THE TASK
Every line of the listing below should be written out exactly, minus its images.

....

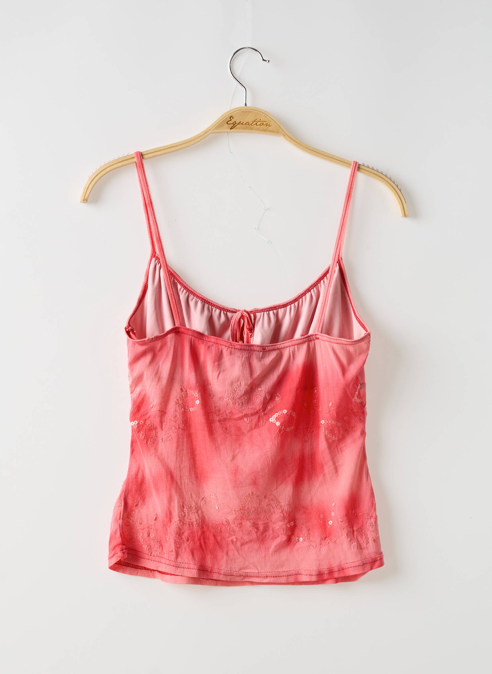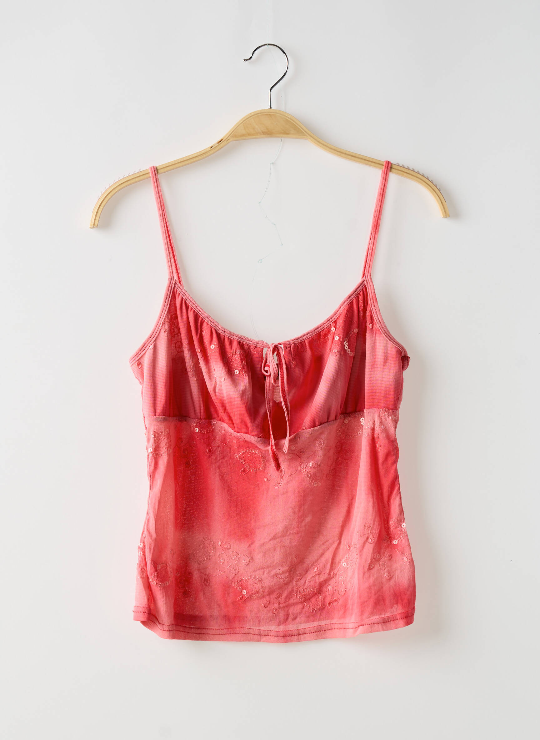 Plongez dans un océan de douceur et de fraîcheur avec ce top captivant de la marque ICI ET MAINTENANT. Sa teinte rose dégradé évoque les nuances d'un coucher de soleil, tandis que le décolleté arrondi, agrémenté d'un cordon délicat à nouer, ajoute une touche d'élégance et de féminité. Les fines bretelles offrent un maintien léger tout en mettant en valeur les épaules, faisant de cette pièce un choix parfait pour les jours ensoleillés ou les soirées décontractées. Les embellissements subtils sur le tissu apportent une note artistique qui saura séduire les amantes de la mode. Ce top est l’incarnation de la légèreté et du style moderne, parfait pour exprimer votre personnalité unique.
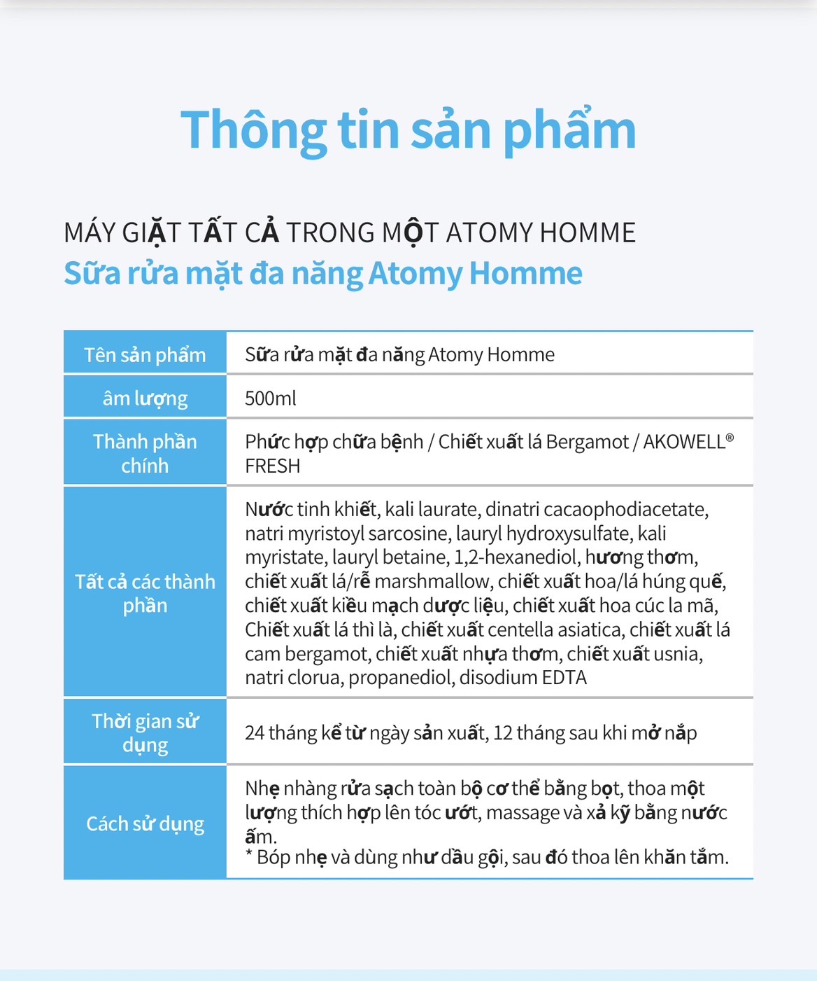 ✅✅ Atomy Homme All-in-One Wash giải quyết dầu gội và tắm trong 1 sản phẩm duy nhất mà vẫn đảm bảo hiệu quả.
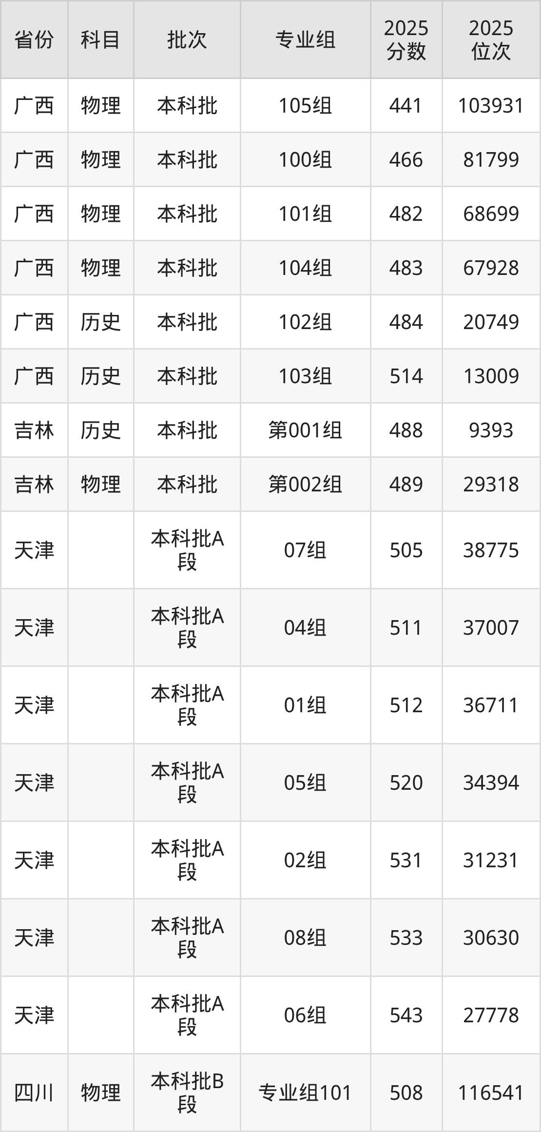 昆明学院专业组101:2025年投档录取最低分为508分,录取最低位次为116541名。
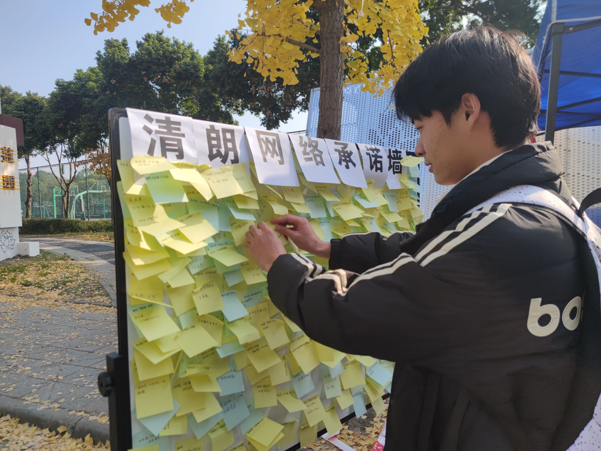 完成挑战后,参与者被引导至“清朗网络承诺墙”区域。此处以白板为载体,参与者可自主创作,在便利贴上写下维护网络文明的个人承诺并郑重粘贴至白板。承诺内容如“我承诺,自觉抵制网络谣言”“我承诺,理性发声不做键盘侠”等,凝聚了学子们对清朗网络空间的共同期盼。此外,还有身着网安院特色玩偶服的志愿者在旁积极引导、分发宣传资料。
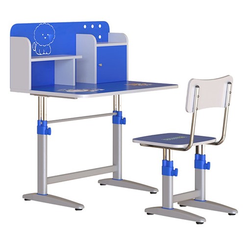 - Bàn & ghế học sinh khung thép, chân đế tôn dập định hình kết hợp gỗ melamine. Giá sách màu trắng kết hợp tấm hậu tôn sơn tĩnh điện có cắt hình trang trí, giá sách có cánh mở để đồ cùng màu mặt gỗ bàn. Kích thước: W800 x D550 x H930-1080 mm
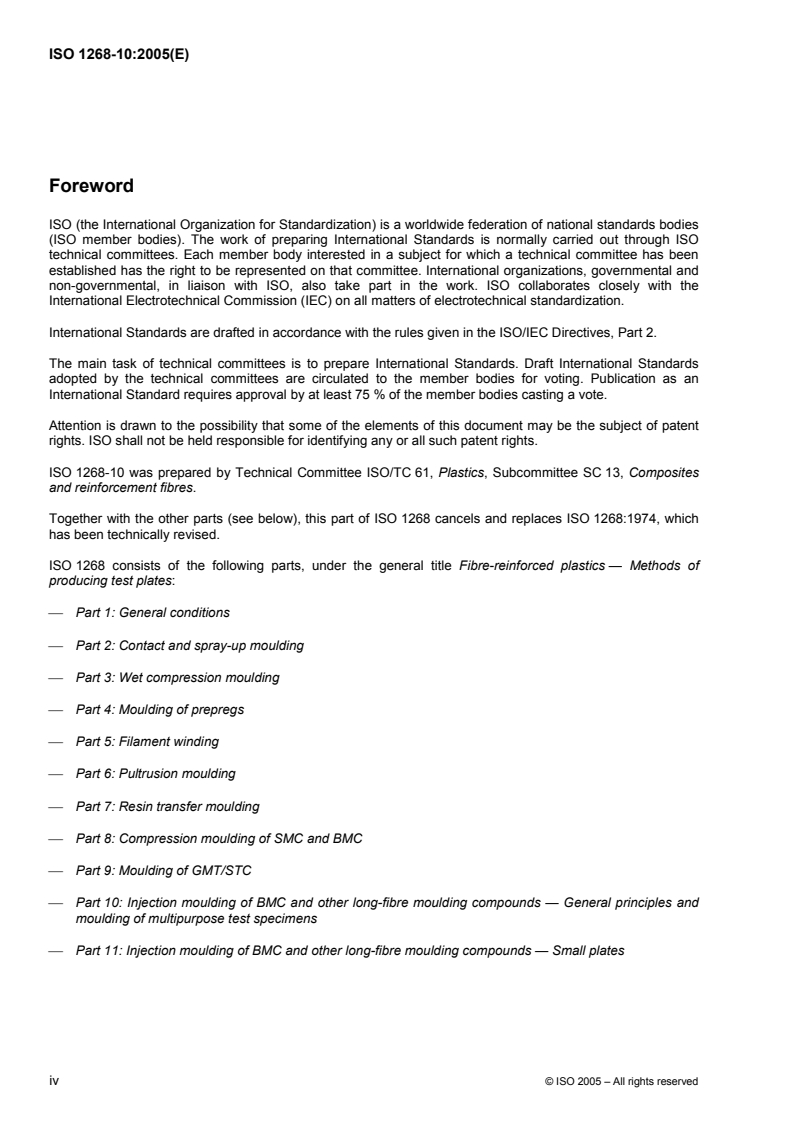 ISO 1268-10:2005 - Fibre-reinforced plastics — Methods of producing test plates — Part 10: Injection moulding of BMC and other long-fibre moulding compounds — General principles and moulding of multipurpose test specimens Released:4. 02. 2005
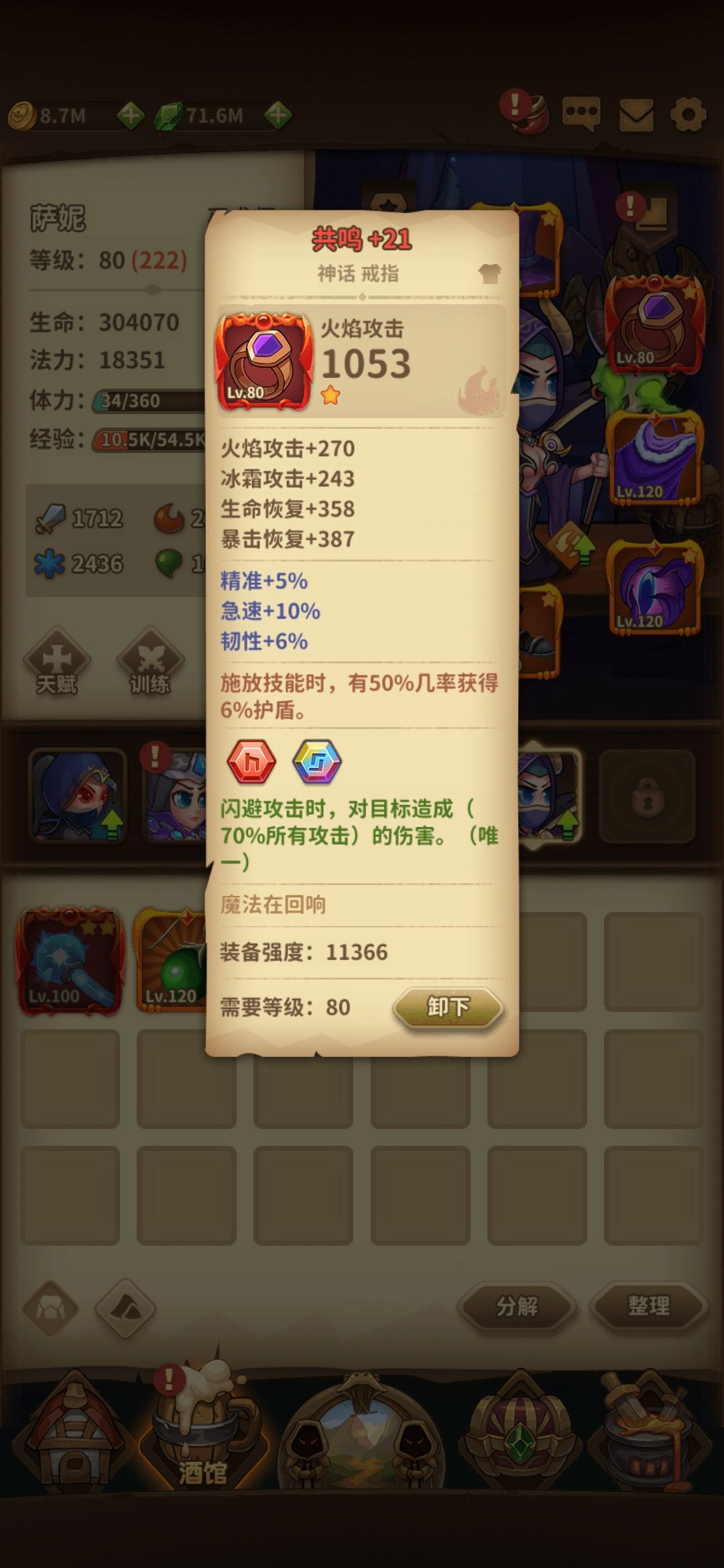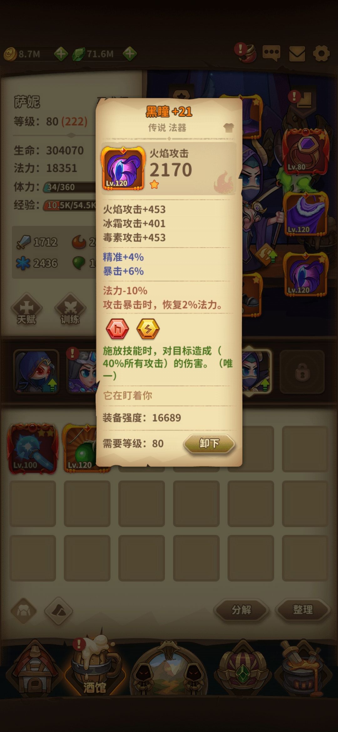6月4号入坑,总共用了100h,开局选了盗贼,开荒还算顺利,后来看论坛才知道审判好用,后悔已经晚了,考虑到已经肝了两天也就没有重开。80级以后星矢共鸣盗贼噩梦难度一路杀穿,直到卡在噩梦22,所以个人感觉盗贼还是挺好用的。看了论坛知道现版本t0是女巫,第五个坑位赶紧选了女巫,因为蹭了两天端午福利,资源不是很缺(离线收益根据推图进度计算,后悔端午奖励领早了),开宝箱抄作业800层前也就没遇到什么坎。
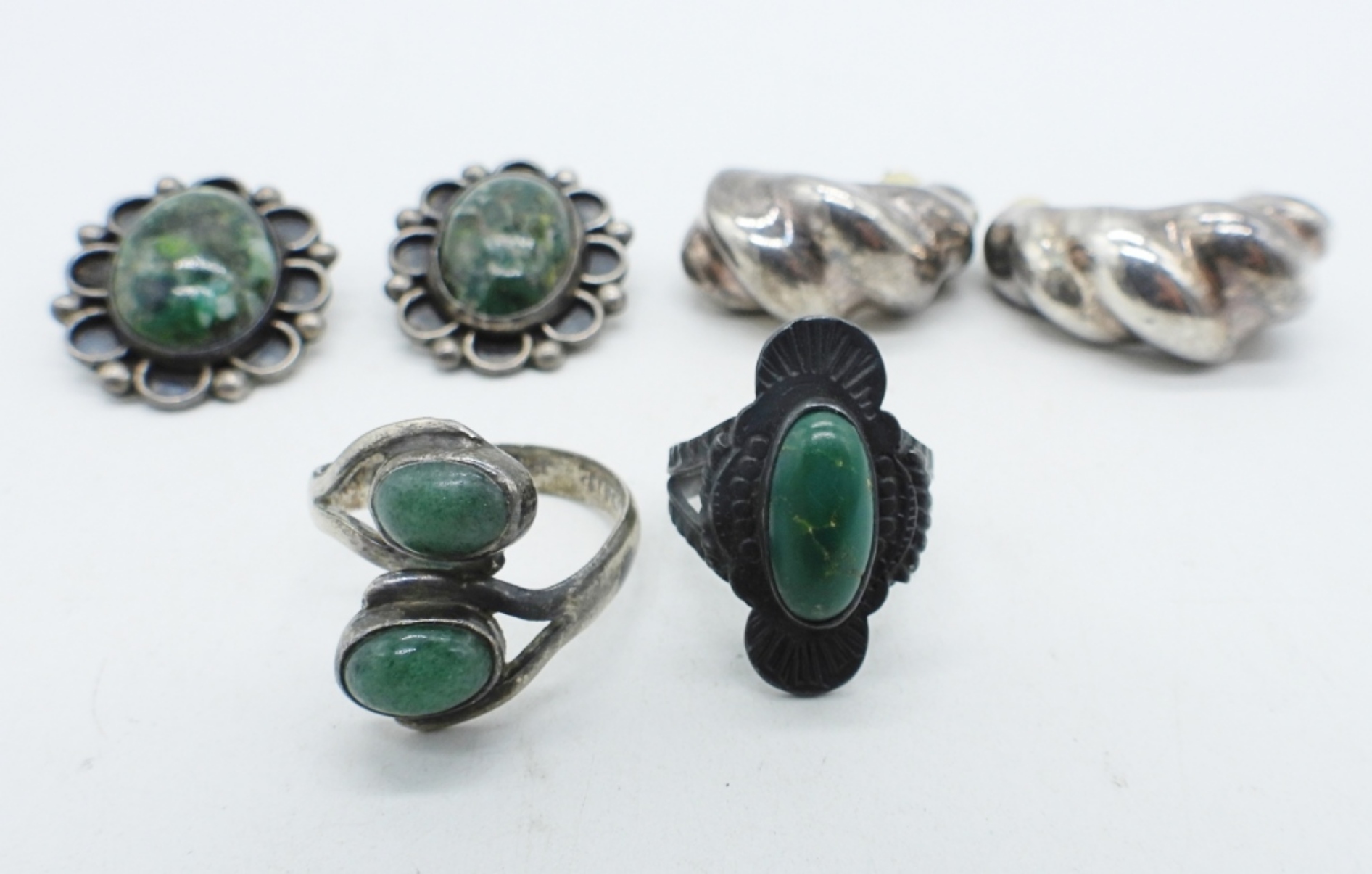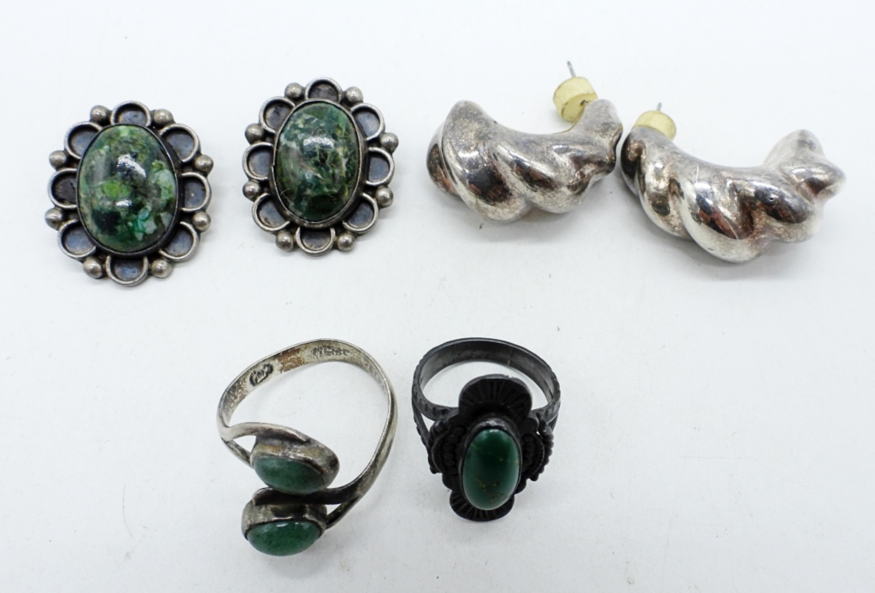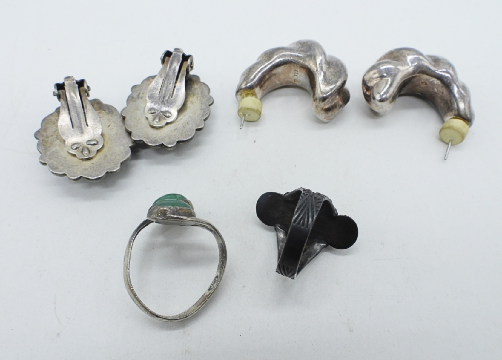 TWO PAIR OF EARRINGS. ONE PIERCED ONE CLIP ON. TWO STERLING RINGS, SIZES 7 & ADJUSTABLE. ONE HAS A BENT BAND. (23.3 DWT)

....

YOUR RESPONSE
 Plongez dans un océan de douceur et de fraîcheur avec ce top captivant de la marque ICI ET MAINTENANT. Sa teinte rose dégradé évoque les nuances d'un coucher de soleil, tandis que le décolleté arrondi, agrémenté d'un cordon délicat à nouer, ajoute une touche d'élégance et de féminité. Les fines bretelles offrent un maintien léger tout en mettant en valeur les épaules, faisant de cette pièce un choix parfait pour les jours ensoleillés ou les soirées décontractées. Les embellissements subtils sur le tissu apportent une note artistique qui saura séduire les amantes de la mode. Ce top est l’incarnation de la légèreté et du style moderne, parfait pour exprimer votre personnalité unique.
 ✅✅ Atomy Homme All-in-One Wash giải quyết dầu gội và tắm trong 1 sản phẩm duy nhất mà vẫn đảm bảo hiệu quả.
 昆明学院专业组101:2025年投档录取最低分为508分,录取最低位次为116541名。
 完成挑战后,参与者被引导至“清朗网络承诺墙”区域。此处以白板为载体,参与者可自主创作,在便利贴上写下维护网络文明的个人承诺并郑重粘贴至白板。承诺内容如“我承诺,自觉抵制网络谣言”“我承诺,理性发声不做键盘侠”等,凝聚了学子们对清朗网络空间的共同期盼。此外,还有身着网安院特色玩偶服的志愿者在旁积极引导、分发宣传资料。
 - Bàn & ghế học sinh khung thép, chân đế tôn dập định hình kết hợp gỗ melamine. Giá sách màu trắng kết hợp tấm hậu tôn sơn tĩnh điện có cắt hình trang trí, giá sách có cánh mở để đồ cùng màu mặt gỗ bàn. Kích thước: W800 x D550 x H930-1080 mm
 ISO 1268-10:2005 - Fibre-reinforced plastics — Methods of producing test plates — Part 10: Injection moulding of BMC and other long-fibre moulding compounds — General principles and moulding of multipurpose test specimens Released:4. 02. 2005
6月4号入坑,总共用了100h,开局选了盗贼,开荒还算顺利,后来看论坛才知道审判好用,后悔已经晚了,考虑到已经肝了两天也就没有重开。80级以后星矢共鸣盗贼噩梦难度一路杀穿,直到卡在噩梦22,所以个人感觉盗贼还是挺好用的。看了论坛知道现版本t0是女巫,第五个坑位赶紧选了女巫,因为蹭了两天端午福利,资源不是很缺(离线收益根据推图进度计算,后悔端午奖励领早了),开宝箱抄作业800层前也就没遇到什么坎。
 TWO PAIR OF EARRINGS. ONE PIERCED ONE CLIP ON. TWO STERLING RINGS, SIZES 7 & ADJUSTABLE. ONE HAS A BENT BAND. (23.3 DWT)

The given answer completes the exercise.